▸ **About this task**:
Your output should be the lines below from the one with "今日の献立は,「ご飯・牛乳・" through the one with "A print of Toby", copied exactly, pictures excluded.
==== Data records ====
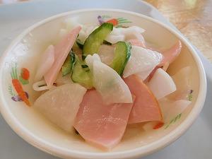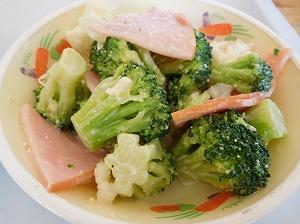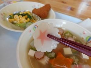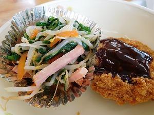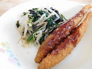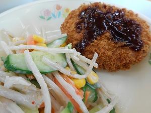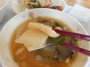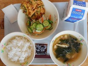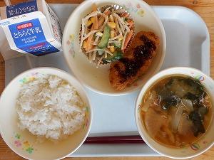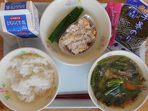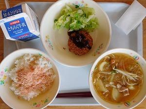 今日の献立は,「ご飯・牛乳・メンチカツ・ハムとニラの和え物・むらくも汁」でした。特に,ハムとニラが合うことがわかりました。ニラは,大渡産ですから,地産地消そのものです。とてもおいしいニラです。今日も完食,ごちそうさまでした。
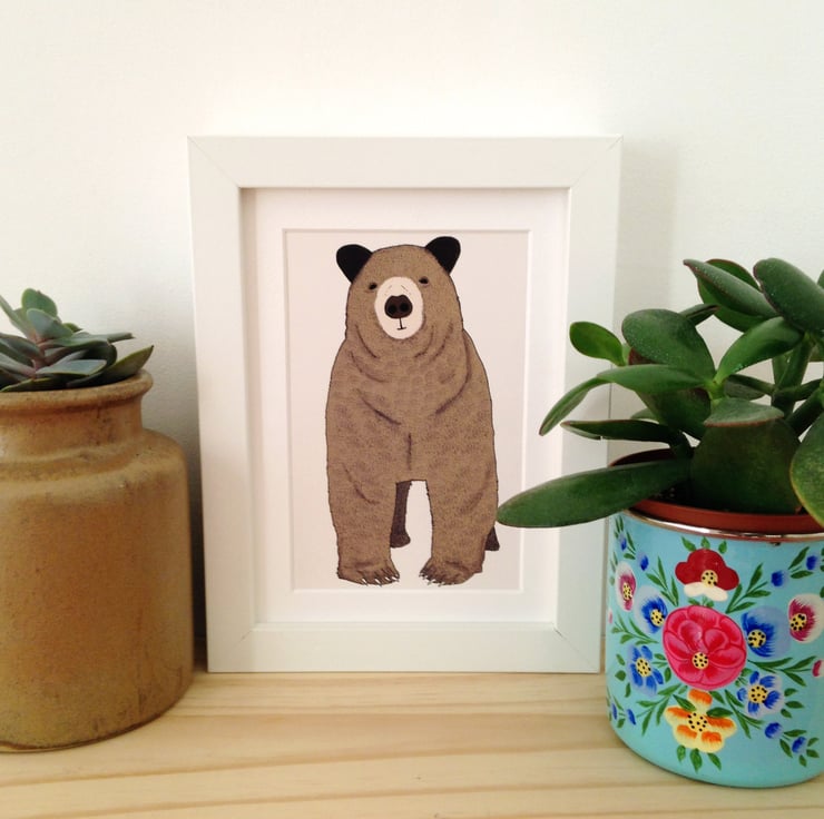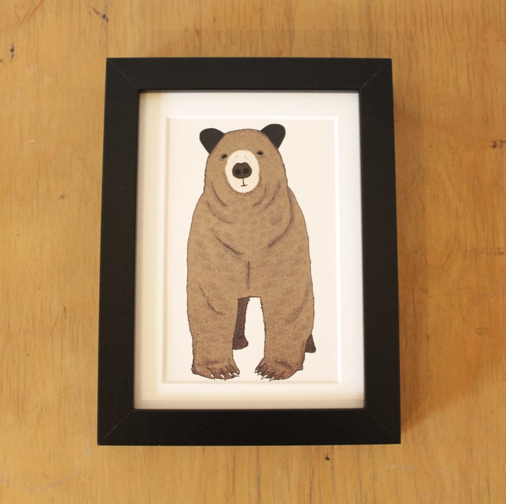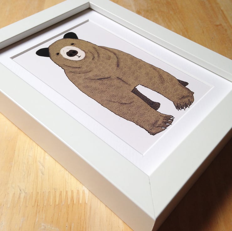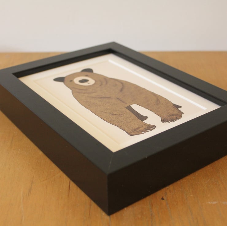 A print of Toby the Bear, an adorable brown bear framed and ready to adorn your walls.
====
==== Data records ====
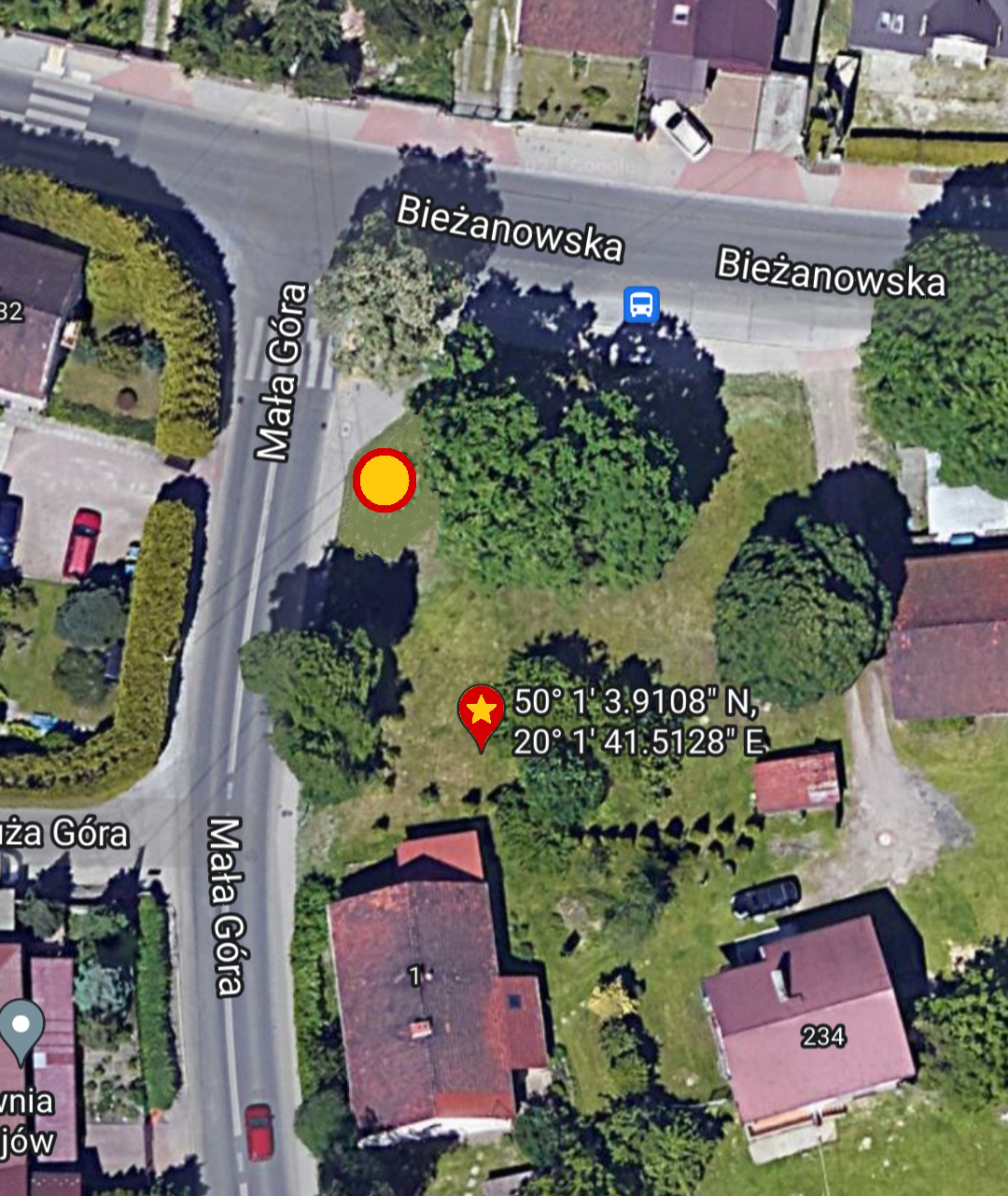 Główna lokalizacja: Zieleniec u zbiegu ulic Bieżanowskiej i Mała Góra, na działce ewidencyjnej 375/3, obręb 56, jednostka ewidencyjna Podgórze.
====
▸ **Task answer**:
 今日の献立は,「ご飯・牛乳・メンチカツ・ハムとニラの和え物・むらくも汁」でした。特に,ハムとニラが合うことがわかりました。ニラは,大渡産ですから,地産地消そのものです。とてもおいしいニラです。今日も完食,ごちそうさまでした。
 A print of Toby the Bear, an adorable brown bear framed and ready to adorn your walls.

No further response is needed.